My whole drive to DC, I was reflecting on the healing that has taken place this year.  I was reminded that last Christmas day we spent it in the ER of a hospital because Adam had a seizure and how much progress came from that.  When Adam seized Friday I know God was reminding me that He can work this for His good... and I am trusting and believing that.  As I drove home, I know there were other reasons we were there... Kathleen and I spent quite a bit of time in prayer while we were there.  Specifically I prayed for the doctor that was treating Adam, I even let him know I was praying for him.  The next morning when we were getting ready to leave I went to pick up Adam's CT scan and the doctor said to me, "I may not share your faith, but I do recognize that I needed prayer, thank you."  I am trusting God will continue to grow the seed that was planted and I will continue to pray for this doctor.  Often I feel like Adam and I are on a missions field, our missions field are the doctors, nurses, and therapists we come in contact with... every single one of them are being prayed for.

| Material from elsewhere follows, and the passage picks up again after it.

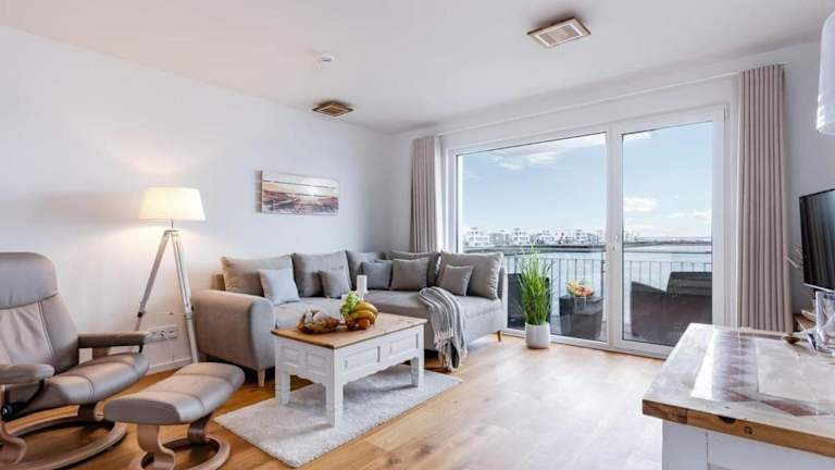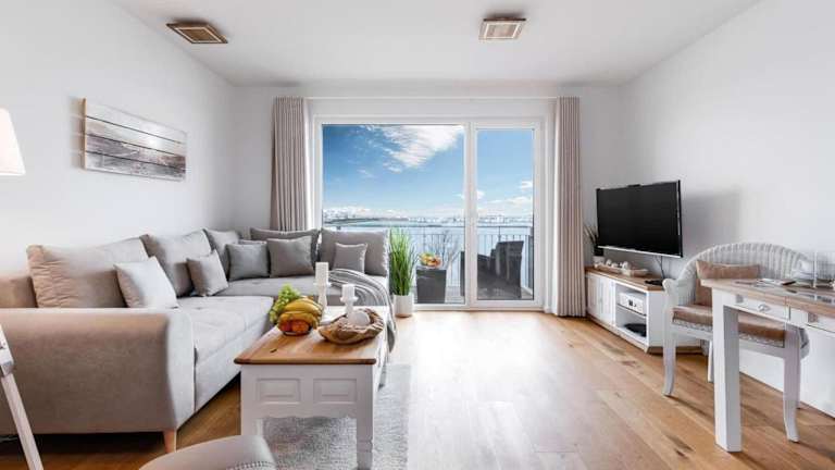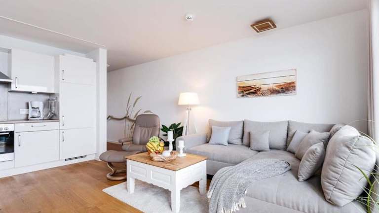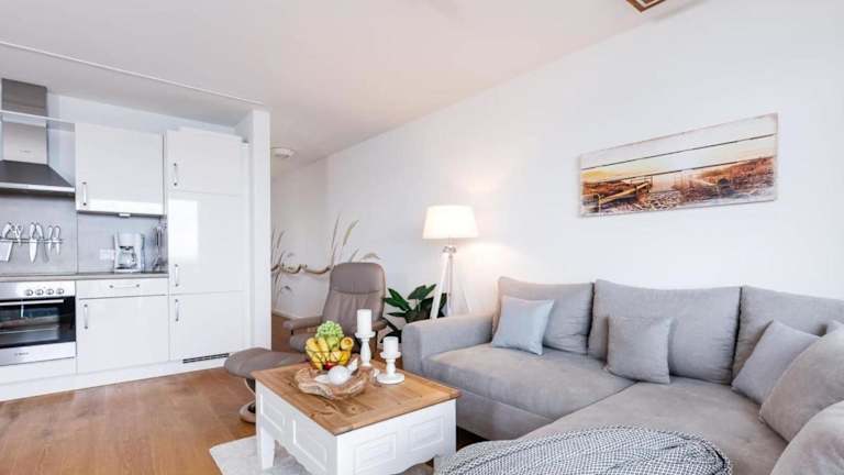 Die Ferienwohnung verfügt über ein Schlafzimmer, ein Wohnzimmer und eine gut ausgestattete Küche mit Kühlschrank und Geschirrspüler. Ein Fernseher ist ebenfalls vorhanden.

We made it home and we now have a week FULL of appointments and follow up exams and tests to figure out the cause and make sure Adam is okay.  I am praying specifically that this will be a breakthrough seizure specifically for his memory.  PLEASE pray for Adam's memory, pray specifically that Adam will be able to start retaining memory.  Prayer is our greatest need and I beg you all to join me in praying specifically for his memory.

Psalm 28:7 The Lord is my strength and my shield; my heart trusts in him, and I am helped. My heart leaps for joy and I will give thanks to him in song.

Psalm 31:2 Turn your ear to me, come quickly to my rescue; be my rock of refuge, a strong fortress to save me.

Psalm 33:20 We wait in hope for the Lord; he is our help and our shield.

Proverbs 30:5 Every word of God is flawless; he is a shield to those who take refuge in him.